▸ Exercise objective: Retype all the entries word for word, but omit the pictures.

▸ Records for the task:

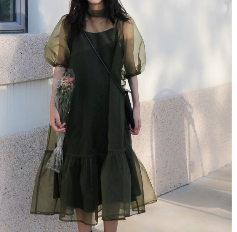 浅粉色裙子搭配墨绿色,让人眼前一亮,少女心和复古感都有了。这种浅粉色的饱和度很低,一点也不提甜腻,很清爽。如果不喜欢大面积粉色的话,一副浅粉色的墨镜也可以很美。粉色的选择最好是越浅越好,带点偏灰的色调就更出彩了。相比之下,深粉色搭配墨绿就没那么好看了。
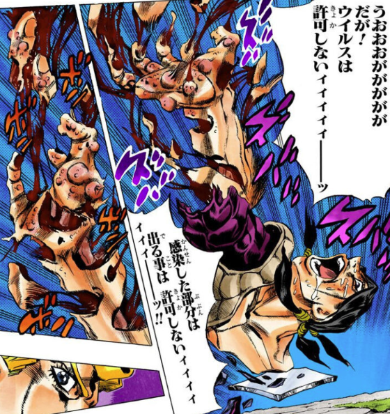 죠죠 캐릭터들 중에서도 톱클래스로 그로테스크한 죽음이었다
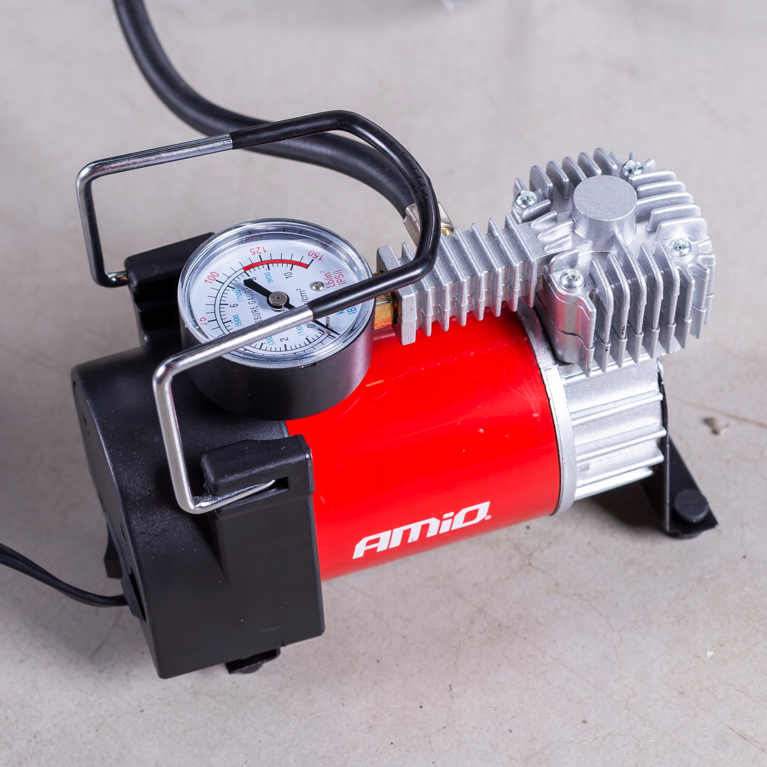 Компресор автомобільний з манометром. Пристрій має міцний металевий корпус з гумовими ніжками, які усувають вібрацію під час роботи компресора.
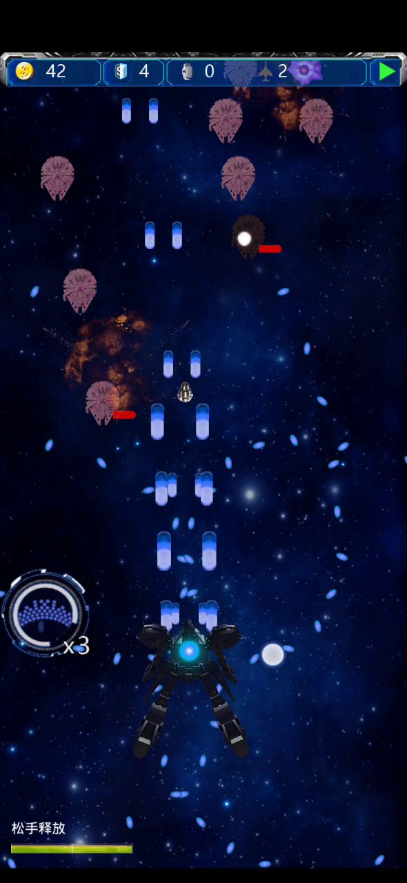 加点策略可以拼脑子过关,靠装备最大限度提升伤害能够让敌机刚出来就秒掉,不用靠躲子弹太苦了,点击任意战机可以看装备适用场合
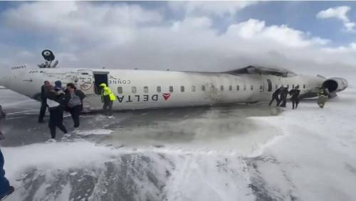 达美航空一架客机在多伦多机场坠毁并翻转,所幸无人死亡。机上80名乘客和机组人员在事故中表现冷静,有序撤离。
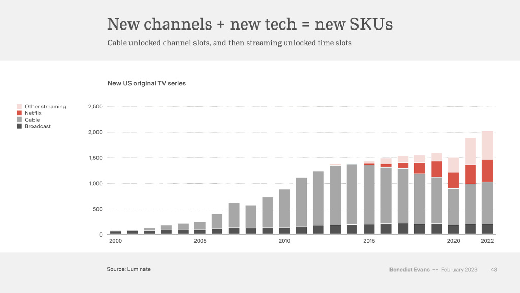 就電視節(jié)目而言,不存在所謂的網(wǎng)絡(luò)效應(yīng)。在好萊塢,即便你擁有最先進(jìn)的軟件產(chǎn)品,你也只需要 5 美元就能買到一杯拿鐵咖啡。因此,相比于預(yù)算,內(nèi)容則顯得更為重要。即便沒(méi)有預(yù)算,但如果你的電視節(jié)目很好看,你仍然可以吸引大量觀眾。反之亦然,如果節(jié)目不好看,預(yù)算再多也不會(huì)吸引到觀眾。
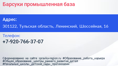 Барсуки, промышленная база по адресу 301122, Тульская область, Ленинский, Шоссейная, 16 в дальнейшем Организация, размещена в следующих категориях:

▸ Output for this task:
 浅粉色裙子搭配墨绿色,让人眼前一亮,少女心和复古感都有了。这种浅粉色的饱和度很低,一点也不提甜腻,很清爽。如果不喜欢大面积粉色的话,一副浅粉色的墨镜也可以很美。粉色的选择最好是越浅越好,带点偏灰的色调就更出彩了。相比之下,深粉色搭配墨绿就没那么好看了。
 죠죠 캐릭터들 중에서도 톱클래스로 그로테스크한 죽음이었다
 Компресор автомобільний з манометром. Пристрій має міцний металевий корпус з гумовими ніжками, які усувають вібрацію під час роботи компресора.
 加点策略可以拼脑子过关,靠装备最大限度提升伤害能够让敌机刚出来就秒掉,不用靠躲子弹太苦了,点击任意战机可以看装备适用场合
 达美航空一架客机在多伦多机场坠毁并翻转,所幸无人死亡。机上80名乘客和机组人员在事故中表现冷静,有序撤离。
 就電視節(jié)目而言,不存在所謂的網(wǎng)絡(luò)效應(yīng)。在好萊塢,即便你擁有最先進(jìn)的軟件產(chǎn)品,你也只需要 5 美元就能買到一杯拿鐵咖啡。因此,相比于預(yù)算,內(nèi)容則顯得更為重要。即便沒(méi)有預(yù)算,但如果你的電視節(jié)目很好看,你仍然可以吸引大量觀眾。反之亦然,如果節(jié)目不好看,預(yù)算再多也不會(huì)吸引到觀眾。
 Барсуки, промышленная база по адресу 301122, Тульская область, Ленинский, Шоссейная, 16 в дальнейшем Организация, размещена в следующих категориях:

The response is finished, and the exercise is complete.